When: Saturday, May 9 from
Where: 504 W. 1100 North in Pleasant Grove, Utah
What: Plant sale including heirloom tomatoes and peppers.
Site: snuckfarm.com

SPONSORED STORY

It’s the time of year to prep and plant your garden in order to yield delicious produce in the fall — and a new Pleasant Grove business is ready to help you realize your garden dreams.

On Saturday, Snuck Farm is holding it’s first annual community plant sale at the farm starting at 8 a.m.until 1 p.m. or until the plants are sold. Over 45 heirloom varieties of tomato and pepper plants in various sizes will be competitively priced for sale along with other assorted vegetables, flowers and herbs.

Heirloom plants grow from seeds that have been handed down from generation to generation and are pollinated by insects or wind, without human intervention.

“Our goal for the plant sale is to engage the community, promote local food production and offer interesting, heirloom varieties of vegetables not readily available in the big box stores and other nurseries in the area,” said Page Westover, who manages the farm along with her husband Brian, and is the granddaughter of ‘Snuck.’

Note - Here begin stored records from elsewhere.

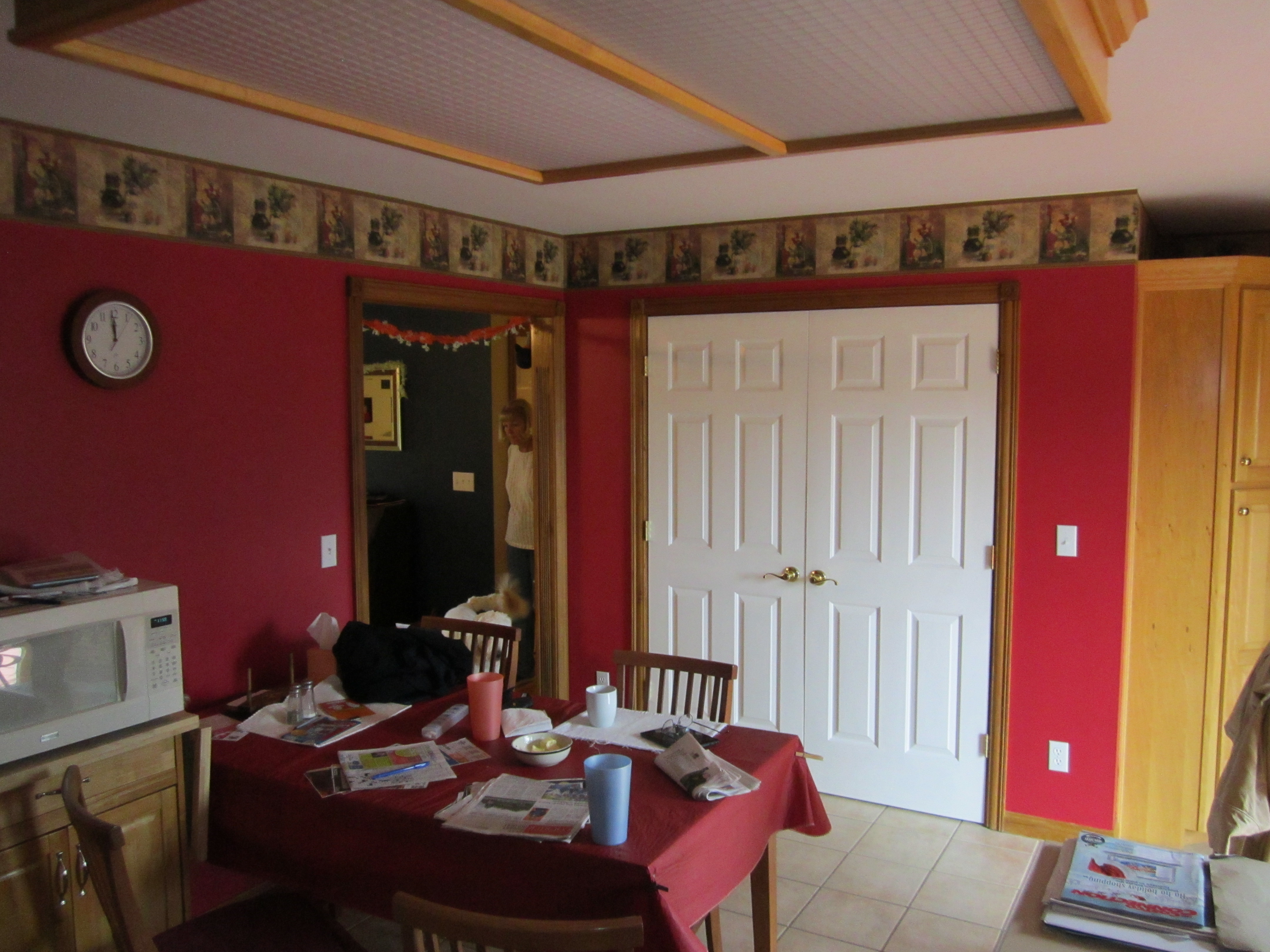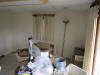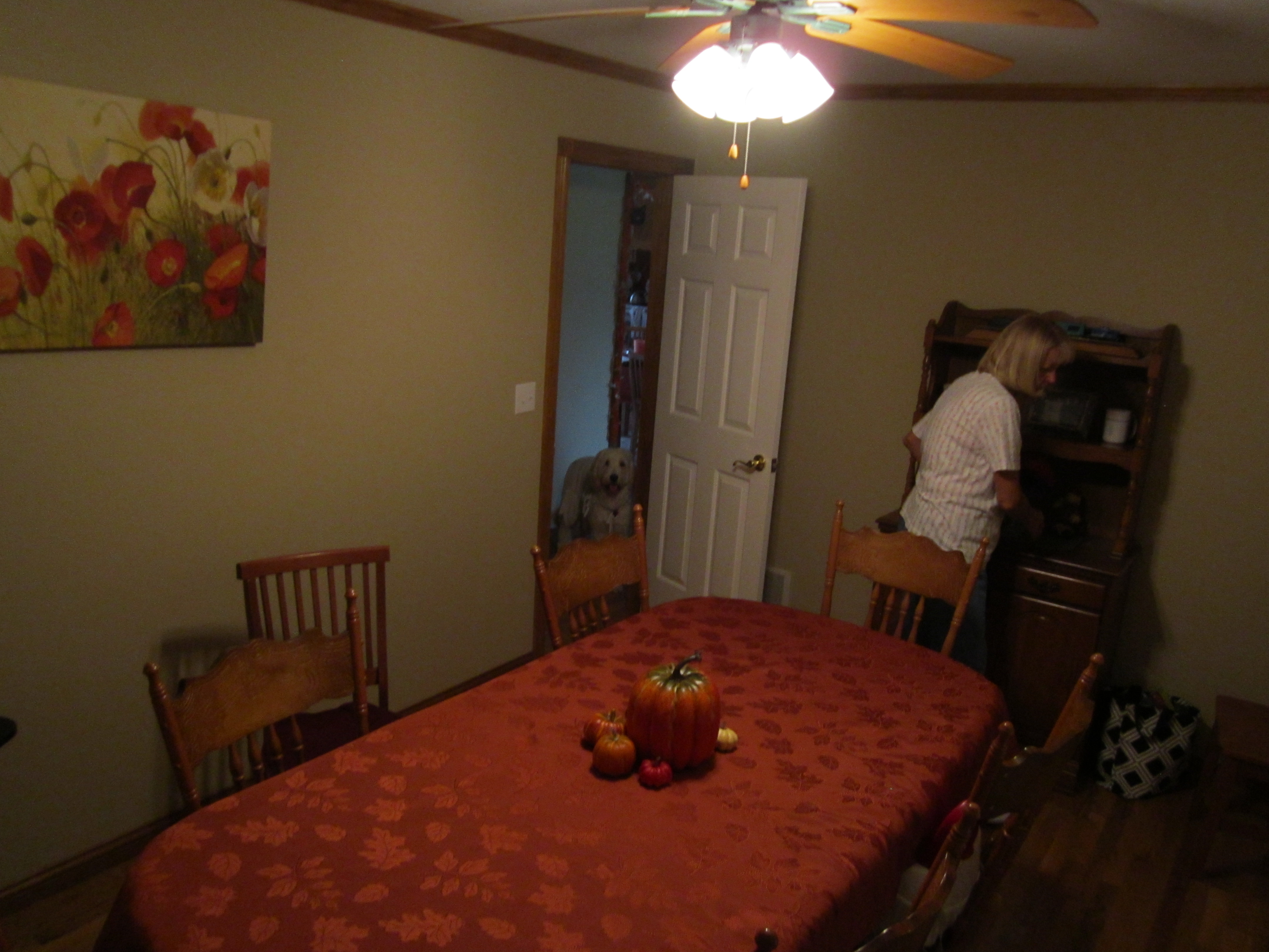 There is no formal dinning room in the house so we took one of the bed rooms and made it into a dinning room. This is Kathy getting things ready for Thanksgiving. And the dog in the doorway keeping track of things. |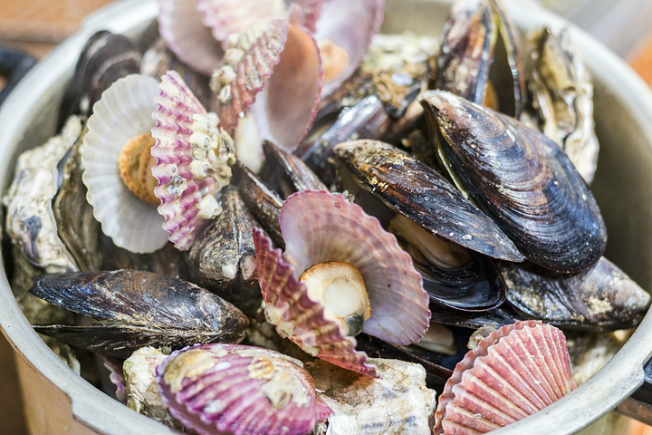 自助餐厅的好处就是各种吃的都有,肥美大虾、掌中宝、牛排等等皆有,再提上一大锅汽锅蒸扇贝过来伴着料碟吃,完美~
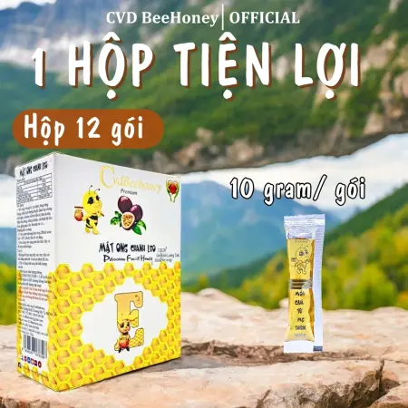 Mật Ong Chanh Leo Nguyên Chất CvdBeehoney Chai PET 500ml/Hộp 12 gói x 10g - Mật Ong Tự Nhiên - Tăng Đề Kháng, Giảm Ho, Tốt Cho Mắt & Tiêu Hóa

The vegetables and flowers available at the sale were all planted from seeds and grown on-site in their greenhouses.

Plant sale attendees will be encouraged to sign up for the ‘Grow a Row, Share the Harvest’ initiative promoted by Utahns Against Hunger. This program encourages individuals to plant an extra row in their gardens, harvest what is grown, then donate it to community members in need. Snuck Farm will be a drop-off location for donated food and will deliver to local food pantries.

“Our goal for the plant sale is to engage the community, promote local food production and offer interesting, heirloom varieties of vegetables not readily available in the big box stores and other nurseries in the area.” —Page Westover, Snuck Farm manager

The farm is named for Boyd “Snuck” Fugal who, along with his wife Venice, cultivated the land where the greenhouses are now located. Hydroponics was chosen for this spot because of the small acreage left of the 160 acres originally farmed by Boyd.  The Westovers wanted to maximize production of the land in an environmentally friendly way. Their hydroponic operation will produce more than four times the yield of traditional farming while using a fraction of the water required in the field.

Snuck Farm’s property includes a functional barn with room for animals, hay, farm equipment and offices.  There is a commercial kitchen on site where future classes will be held and food from the land prepared and preserved.  A farmstand where locals can buy fresh greens and other produce is also planned for the future.

The mission of Snuck Farm is to be a force for good in the community. They work to produce the freshest, highest quality food in the local marketplace and teach and promote industrious ideas about healthy food and sustainable, community-based food production.  Their hydroponic systems are being used to grow pesticide-free produce using ecologically sustainable methods in technologically-sophisticated, climate-controlled greenhouses at the farm. They will provide retail, restaurant and institutional customers with a reliable, year-round, local supply of produce grown under the highest standards of quality and food safety.